Two summers ago, one of my students wrote her research paper on the idea that the world would end in 2012. My student used a source that listed the situations to prepare for and the site even sold "End of the World Party Kits." I listed several of my personal survival tips on my Facebook page that I will add to the end of this post for fun. Like every conspiracy theory and disaster or tragedy that happens in the world, I became occupied with how I would survive the situation. This is also something that Rob and I talk about after EVERY movie that we see
One particular survival discussion that Rob and I had stands out to me; this conversation occurred after we saw Zombieland (which is hilarious and one of my favorites). Rob made the comment that he didn't think that I would be able to hang if we had to flee our home due to zombies or, you know, the apocalypse. I was totally offended. I said "Lucy and I will be able to keep up just fine." I plan to put Lucy in a papoose and carry her in the event of a zombie attack, by the way. His reply, "I would let you come....when you start slowing me down, I will snap your neck and eat you." This is one of my favorite stories to tell people, and trust me, he was dead serious. And we vowed to shoot one another if either of us became a zombie...I would probably secretly keep Rob chained up in a shed with an XBox like Shaun does Ed in Shaun of the Dead; he will be a zombie and will never know if I do that! We agree that I would probably bring items that would not help our cause, like a "Zombie Mix" CD, and I would want to update my Facebook status regularly. I did just finish reading Under the Dome by Stephen King, so I am going to start stockpiling propane. Surely the knowledge we both have from years of horror films will keep us alive if the bird/fish situation manifests into something crazy. Another positive we have on our side now is Rob's new machete that he got during Dirty Santa at the Martin Family Christmas this year (photo to follow).

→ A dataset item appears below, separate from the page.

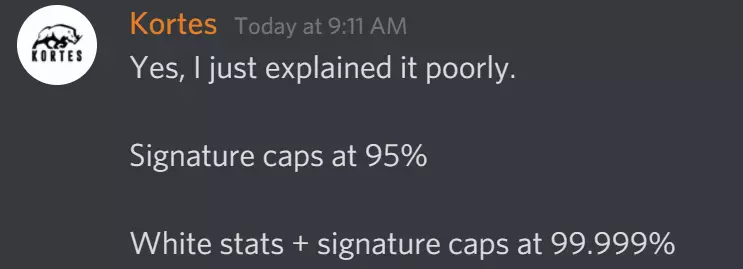 根据开发者的说法,绿色数值(包括攻击速度、护甲、护甲穿透、格挡、闪避、暴击率)的上限为95%,而将绿色数值与你的固定减伤/伤害数值相结合后,上限接近100%。

We all know that recently the guy who predicted the end of the world via the Mayan calendar changed his mind and moved the "end of the world" forward 50 years...lucky us. So, we can put that off for a little while. Hopefully, this crazy bird/fish situation will be explained and we all don't go "Walking Dead" from drinking the water. So, I guess that zombies go along with the little messes of life that you can sop up easier with a machete and your favorite zombie mix tape...here are my survival tips from Facebook...they were a hit; I guess I should keep adding to them! Enjoy!
Megan's 2012 Survival Tips:
1. Some predict that there will be a "rise of the machines" (think Terminator, decepticons, or a really evil Johnny 5). I suggest building special relationships with your appliances immediately, like a plant or pet. When you start to feel like your blender is turning on you, go Office Space on it.
2. In the event of tidal waves, have a flotation device ready. I suggest a brightly colored one with a cup holder. You will be rescued easier and can have a cocktail as you float. Or a raft shaped like Shamu or a gator; this will lighten the mood for your friends and repel any dangerous marine creatures.
3. Many firestorms ("a storm in which violent winds are drawn into the column of hot air rising over a severely bombed area") may occur. You can imagine how uncomfortable this will be. Therefore, have handy a tank top, hot pants and roller skates. You stay cool and can out-skate any blasts of flames.
4. In the event of asteroids or NEO's (near earth objects) hitting the earth, "If you live near a cave system, you may want to go and set up a temporary shelter there." Obviously. Once you are secure in your cave, light a fire at the opening. This will prevent animals from entering the cave. Though living in harmony with the animals may seem appealing during the apocalypse, remember, the wolverines and bears are going to be just as hungry as we are!